SUPPLIED MATERIAL:
- - -
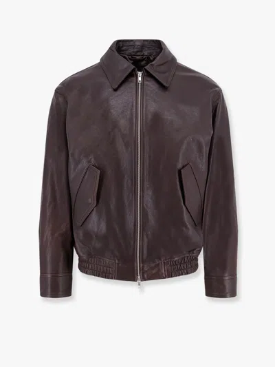 DUNST Unisex Leather Zip-up Jacket In Brown
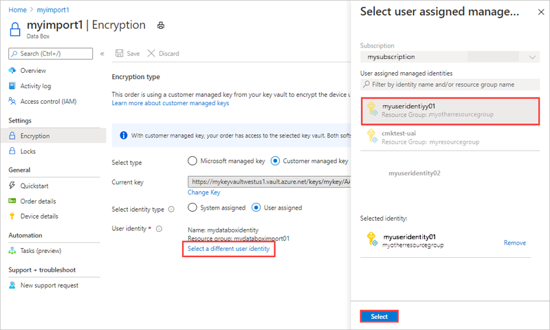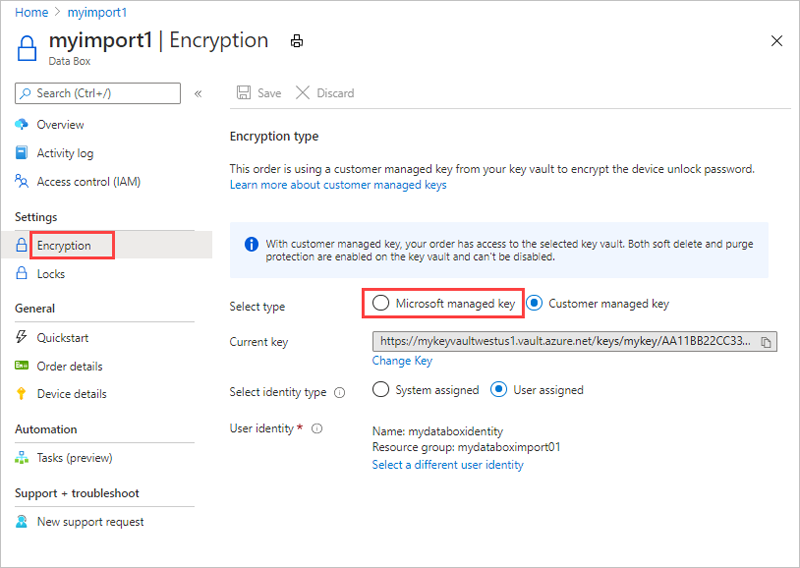 若要在整个订单过程中保持此级别的控制,请在创建订单时使用客户管理的密钥。 有关详细信息,请参阅 Tutorial: Order Azure Data Box。
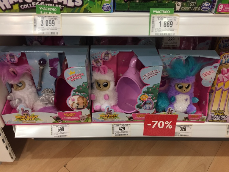есть вот такие пушистики-ушастики - просто фигурки за 270, большой набор с принцессой за 600 и за 400 ее фрейлины. эти зверьки умеют вращать глазами и двигать ушами - на затылке у них выемка и ребенок пальцем сам "оживляет" питомца. дочке дарили принцессу, она ее очень любит, докупила ей подруг)
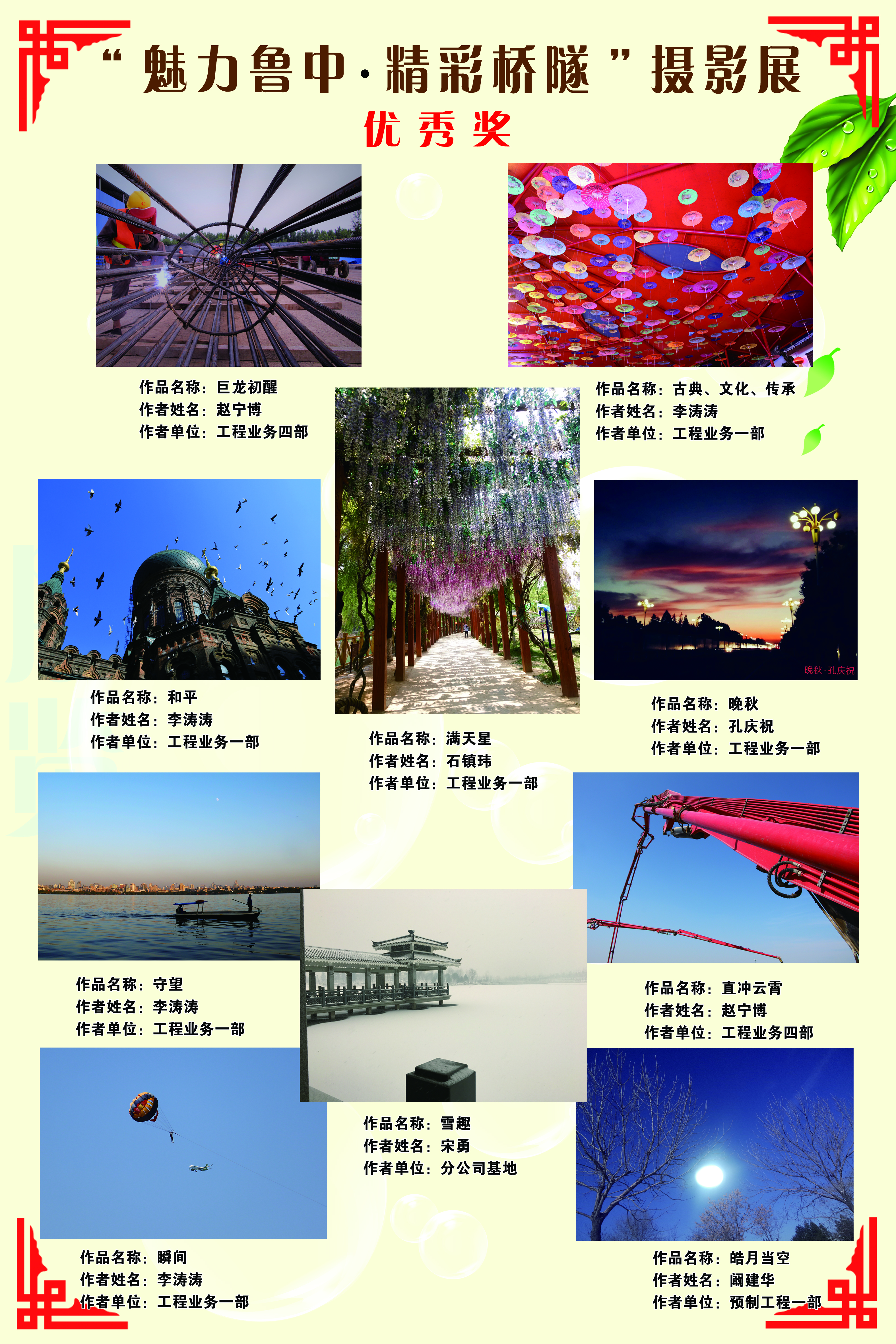 作為橋隧工程分公司2017年度“內(nèi)強管理、外樹形象”主題活動的一部分,經(jīng)過幾個月來的周密計劃、精心籌備、認真篩選、公正評判,并且在公司人力資源部的大力支持下,橋隧分公司“魅力魯中、精彩橋隧”攝影展于近日成功展出。
- - -
WHAT IS BEING ASKED: Go through the data and return every word of it verbatim, leaving out the pictures.

FINAL ANSWER:
 DUNST Unisex Leather Zip-up Jacket In Brown
 若要在整个订单过程中保持此级别的控制,请在创建订单时使用客户管理的密钥。 有关详细信息,请参阅 Tutorial: Order Azure Data Box。
есть вот такие пушистики-ушастики - просто фигурки за 270, большой набор с принцессой за 600 и за 400 ее фрейлины. эти зверьки умеют вращать глазами и двигать ушами - на затылке у них выемка и ребенок пальцем сам "оживляет" питомца. дочке дарили принцессу, она ее очень любит, докупила ей подруг)
 作為橋隧工程分公司2017年度“內(nèi)強管理、外樹形象”主題活動的一部分,經(jīng)過幾個月來的周密計劃、精心籌備、認真篩選、公正評判,并且在公司人力資源部的大力支持下,橋隧分公司“魅力魯中、精彩橋隧”攝影展于近日成功展出。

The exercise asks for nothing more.